PROBLEM STATEMENT =>
Transcribe the records below exactly as they appear, omitting any pictures.

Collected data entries
━━━━━━━━━━

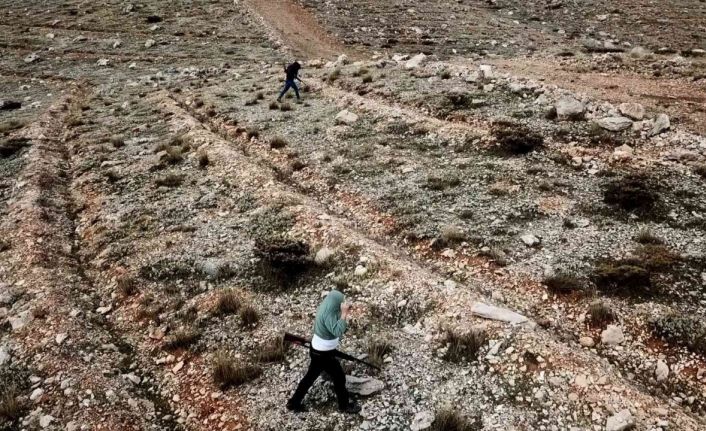 Adıyaman’da Doğa Koruma ve Milli Parklar Şube Müdürlüğü ekiplerinin uçurduğu dron kamerasına yakalanan kaçak avcılar, yüzlerini kapatarak kaçmaya çalıştı.
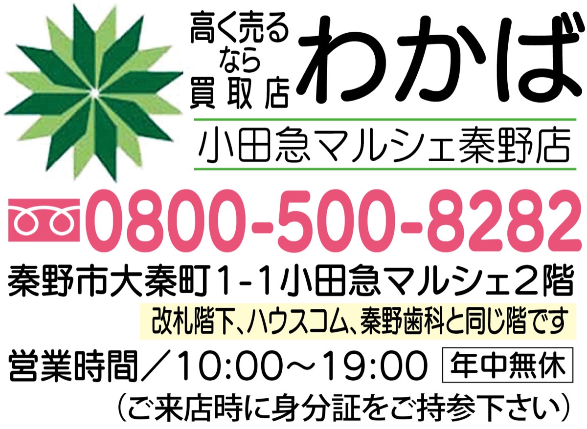 宅配・出張・店舗と多様な買い取りスタイルが好評の「買取店WAKABA小田急マルシェ秦野店」では、ルイヴィトンのバッグ・ポーチの買取強化中!「タウンニュース見た」と伝えると、どんな状態や古さでも買取金額4000円を保証してくれる。期間は2月28日(日)まで。
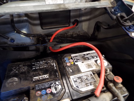 We beginnen met een 25 mm2 pluskabel vanaf de startaccu door het schutbord door te voeren naar de bijrijders zitplaats.
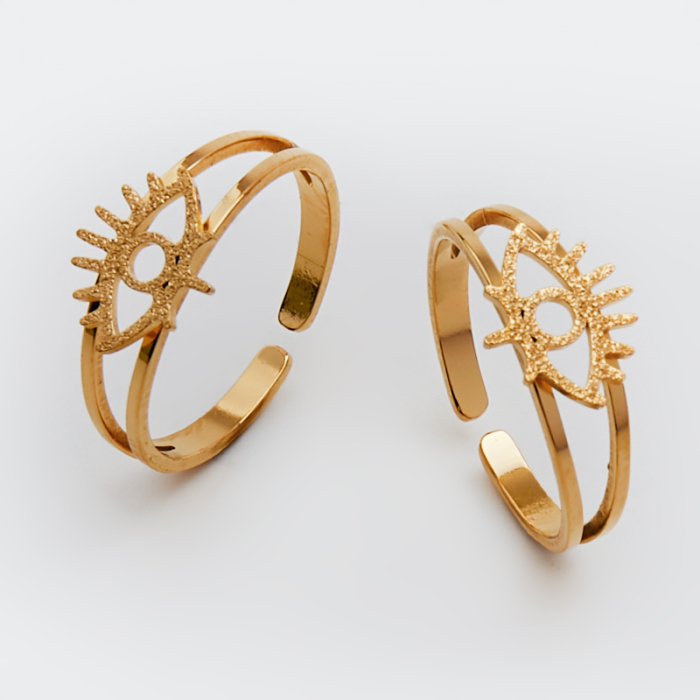 Pierścionek regulowany ze stali chirurgicznej z okiem proroka w kolorze złotym 20mmTo starannie wykonany produkt ze stali chirurgicznej 316L, który dobrze prezentuje się w codziennym użytkowaniu. W biżuterii handmade stal chirurgiczna 316L jest ceniona za dobry wygląd, odporność na korozję i wygodę codziennego użytkowania.Pierścionek ze stali chirurgicznej 316L to trwały element biżuterii, który można wykorzystać jako gotowy dodatek lub bazę do bardziej dekoracyjnych projektów. W zależności od formy dobrze prezentuje się zarówno solo, jak i w zestawieniu z inną biżuterią.Rozmiar
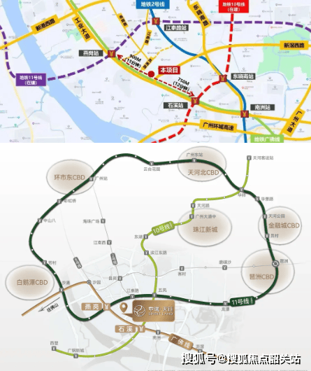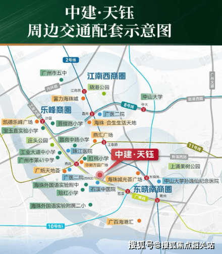 与周边其他项目相比,中建天钰的地段优势在于其“左右逢源”的通达性。项目精准地落位于广佛线燕岗站与石溪站之间,形成了罕见的“双地铁、三轨道”加持格局。步行约750米可达燕岗站,步行约900米即达石溪站。燕岗站不仅是广佛线的关键节点,更是广州大环线号线的重要站点,这意味着业主可以轻松通过11号线快速直达琶洲人工智能与数字经济试验区、天河中央商务区以及越秀老城区,享受核心区的发展红利。而石溪站作为广佛线号线的换乘枢纽,未来通车后,将实现与珠江新城、金融城等顶级商圈的无缝对接。这种立体化的交通网络,让中建天钰的业主无论是在海珠本地工作,还是往返天河、番禺乃至佛山,都能享受到极致的通勤便利。
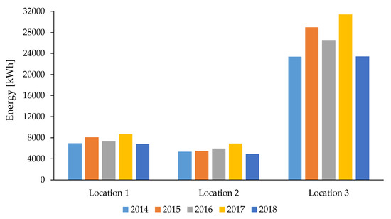 The results of the simulations of energy production at the three selected locations for the period 2014–2018 are shown in Table 4 and Figure 11. Based on the calculated total energy produced over a period of five years, Location 3 is definitely the most effective location, with more than four times greater energy production compared with either of the other two locations.
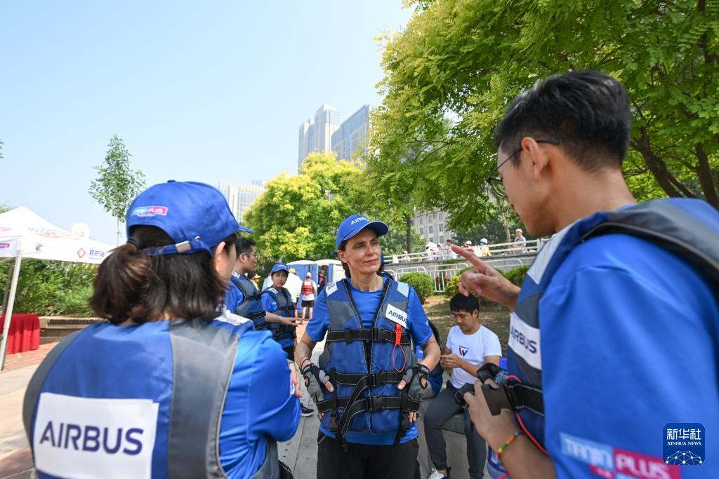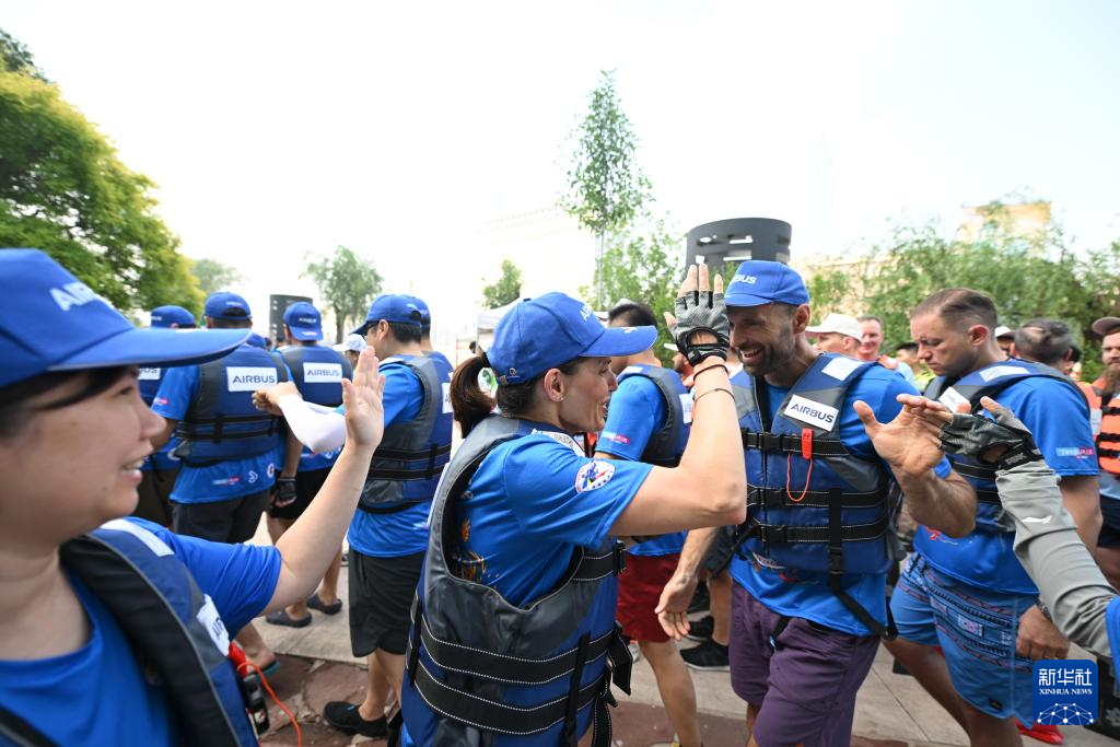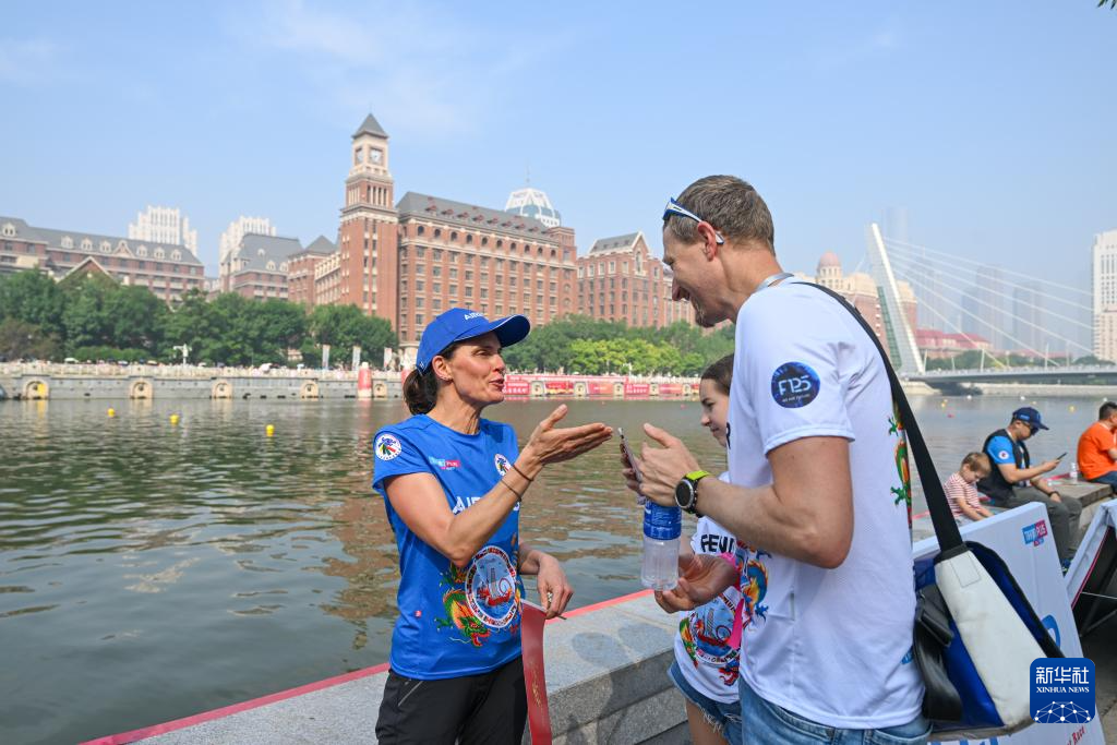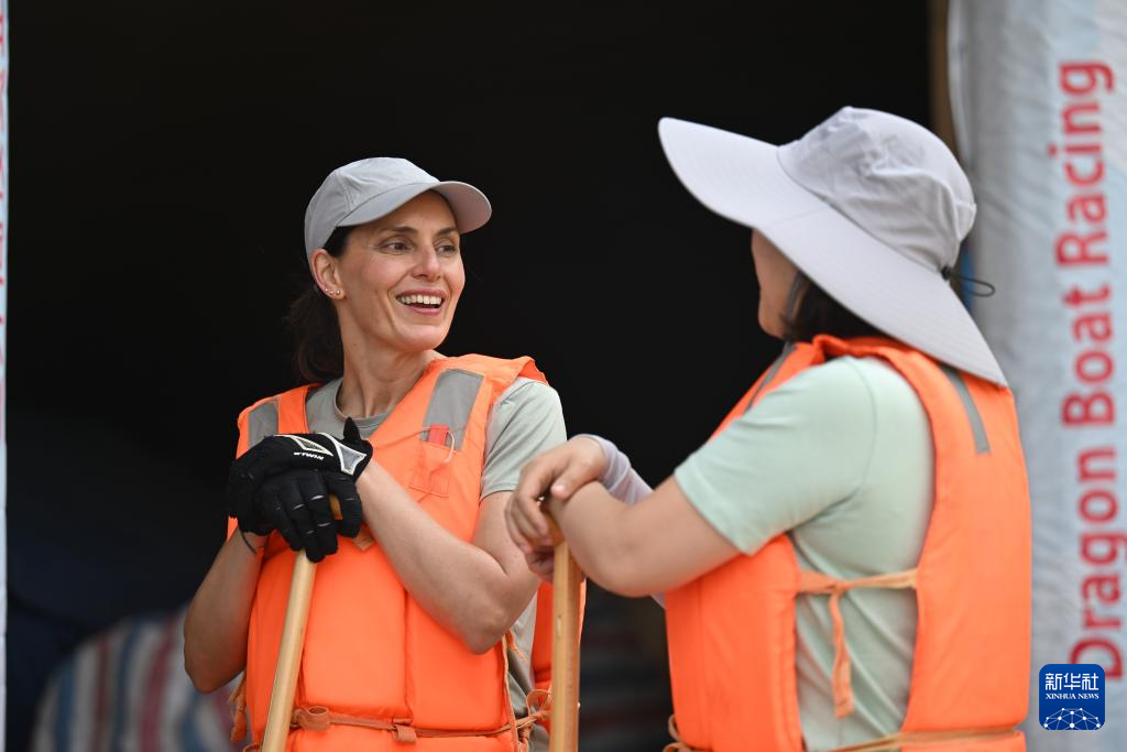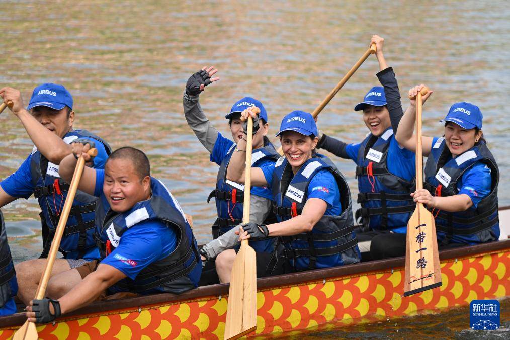 6月10日,劳拉·莫拉(左二)向另一支刚刚完成预赛的空中客车龙舟队打招呼。新华社记者 孙凡越 摄pagebreak

━━━━━━━━━━

REPLY =>
 Adıyaman’da Doğa Koruma ve Milli Parklar Şube Müdürlüğü ekiplerinin uçurduğu dron kamerasına yakalanan kaçak avcılar, yüzlerini kapatarak kaçmaya çalıştı.
 宅配・出張・店舗と多様な買い取りスタイルが好評の「買取店WAKABA小田急マルシェ秦野店」では、ルイヴィトンのバッグ・ポーチの買取強化中!「タウンニュース見た」と伝えると、どんな状態や古さでも買取金額4000円を保証してくれる。期間は2月28日(日)まで。
 We beginnen met een 25 mm2 pluskabel vanaf de startaccu door het schutbord door te voeren naar de bijrijders zitplaats.
 Pierścionek regulowany ze stali chirurgicznej z okiem proroka w kolorze złotym 20mmTo starannie wykonany produkt ze stali chirurgicznej 316L, który dobrze prezentuje się w codziennym użytkowaniu. W biżuterii handmade stal chirurgiczna 316L jest ceniona za dobry wygląd, odporność na korozję i wygodę codziennego użytkowania.Pierścionek ze stali chirurgicznej 316L to trwały element biżuterii, który można wykorzystać jako gotowy dodatek lub bazę do bardziej dekoracyjnych projektów. W zależności od formy dobrze prezentuje się zarówno solo, jak i w zestawieniu z inną biżuterią.Rozmiar
 与周边其他项目相比,中建天钰的地段优势在于其“左右逢源”的通达性。项目精准地落位于广佛线燕岗站与石溪站之间,形成了罕见的“双地铁、三轨道”加持格局。步行约750米可达燕岗站,步行约900米即达石溪站。燕岗站不仅是广佛线的关键节点,更是广州大环线号线的重要站点,这意味着业主可以轻松通过11号线快速直达琶洲人工智能与数字经济试验区、天河中央商务区以及越秀老城区,享受核心区的发展红利。而石溪站作为广佛线号线的换乘枢纽,未来通车后,将实现与珠江新城、金融城等顶级商圈的无缝对接。这种立体化的交通网络,让中建天钰的业主无论是在海珠本地工作,还是往返天河、番禺乃至佛山,都能享受到极致的通勤便利。
 The results of the simulations of energy production at the three selected locations for the period 2014–2018 are shown in Table 4 and Figure 11. Based on the calculated total energy produced over a period of five years, Location 3 is definitely the most effective location, with more than four times greater energy production compared with either of the other two locations.
 6月10日,劳拉·莫拉(左二)向另一支刚刚完成预赛的空中客车龙舟队打招呼。新华社记者 孙凡越 摄pagebreak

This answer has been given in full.